The point of the above introduction is that the changes in clinical practice in dialysis that have occurred over the past year of so since the onset of bundling may also be reactions to other events that occurred both before and after January 1, 2011.
Most facilities were aware of the particulars of the bundled payment regulations well before January 1, 2011 and were already testing or implementing new protocols for cost-containment. Medicare claims data for 2011, which will be the most comprehensive description of how clinical practice changed under bundling, will not be available for another 12-18 months and will not be reported in the U.S. Renal Data System (USRDS) Annual Data Report until 2013. Elab, the electronic laboratory data collection system which reports laboratory data on anemia, adequacy, nutrition, and bone/mineral metabolism for most prevalent dialysis patients during the fourth quarter of each calendar year will not complete its 2011 report until mid-2012.
This means that data for 2011 that are currently available are not national and are based on what has been released by individual provider organizations, surveys, and the Dialysis Outcomes and Practice Patterns Study (DOPPS) Practice Monitor.
Decreased monthly ESA use
In one poster presented at the American Society of Nephrology 2011 Renal Week, a group of investigators reported a 29% decrease in mean monthly ESA dose and 48% increase in mean monthly IV iron dose between January-April 2010 and January-April 2011 in two private nonprofit dialysis centers. Most other reports have not been this dramatic, since the large dialysis organizations, which care for around 70% of dialysis patients in the United States, had already been implementing anemia management protocols to increase IV iron use and decrease ESA use during 2010.
In an on-line survey of 303 nephrologists by BioTrends Research Group fielded Dec. 5-12, 2011, about one-quarter stated that their ESA use had not changed since implementation of bundling, but around 50% stated that it had decreased by 10% or more. In addition, 25% of these nephrologists stated that their IV iron used had increased by more than 10% since the onset of bundling, but 40% reported that IV iron use did not change.
The most common change in anemia management reported in this survey was the targeting of lower Hb levels since the onset of bundling, which includes initiating ESAs at lower Hb levels, holding ESAs at lower Hb levels, and down-titrating ESA doses at lower Hb levels.

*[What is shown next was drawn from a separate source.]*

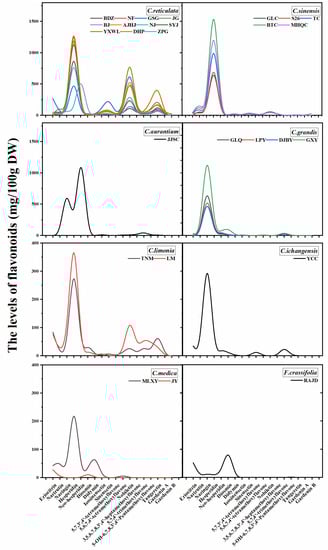 Flavanones, including hesperetin, naringenin, and their respective glycosides, are in the majority of flavonoids in Citrus species [36]. Previous result showed that sweet orange, Chinese wild mandarin, and lime were characterized by the highest level of hesperidin [30,36]. These studies were in line with our results that hesperidin was the principal flavanone in mandarin, lime, and sweet orange. Naringin and neohesperidin are rich in sour orange [37], and they are also the predominant flavanones in grapefruit. In the current study, local cultivar ZPG (C. reticulata), which might originate from interspecific hybridization between C. sinensis and C. reticulata [38], was characterized by neohesperidin and naringin. However, flavonoids are highly similar in the peels of JJSC (C. aurantium) and JPG (C. reticulata), which may correlate with high chemotype similarities between hybrids and their ascendants [39]. This result provides a new insight to Citrus classification and need further discussion on hybridization and genetic change. Pummelo (C. grandis) had a distinct flavanone characterization compared with grapefruit, was characterized by naringin [25,40], and our study also confirmed this result. Kumquat has four major genetic types, including Fortunella japonica, Fortunella margarita, Fortunella crassifolia, and Fortunella hindsii, and are rich in narirutin, hesperidin, and quercetin [41]. In our study, diosmin was the predominant flavone in Fortunella crassifolia. These results revealed Citrus species present their unique flavonoids profile.

These nephrologists reported an increase in “some hemodialysis patients receiving ESAs via the SC route” from 12% in the fourth quarter of 2010 to 21% in the fourth quarter of 2011.
Thirty-seven percent of the nephrologists reported that they have observed an increase in blood transfusions in the previous six months compared with 13% who made the same observation in the survey fielded during the first quarter of 2011. Furthermore, 84% of respondents in the Dec. 2011 survey attributed the increase in blood transfusions to the FDA labeling change for ESAs and the change in the QIP which eliminated the target Hb floor, not to bundling per se.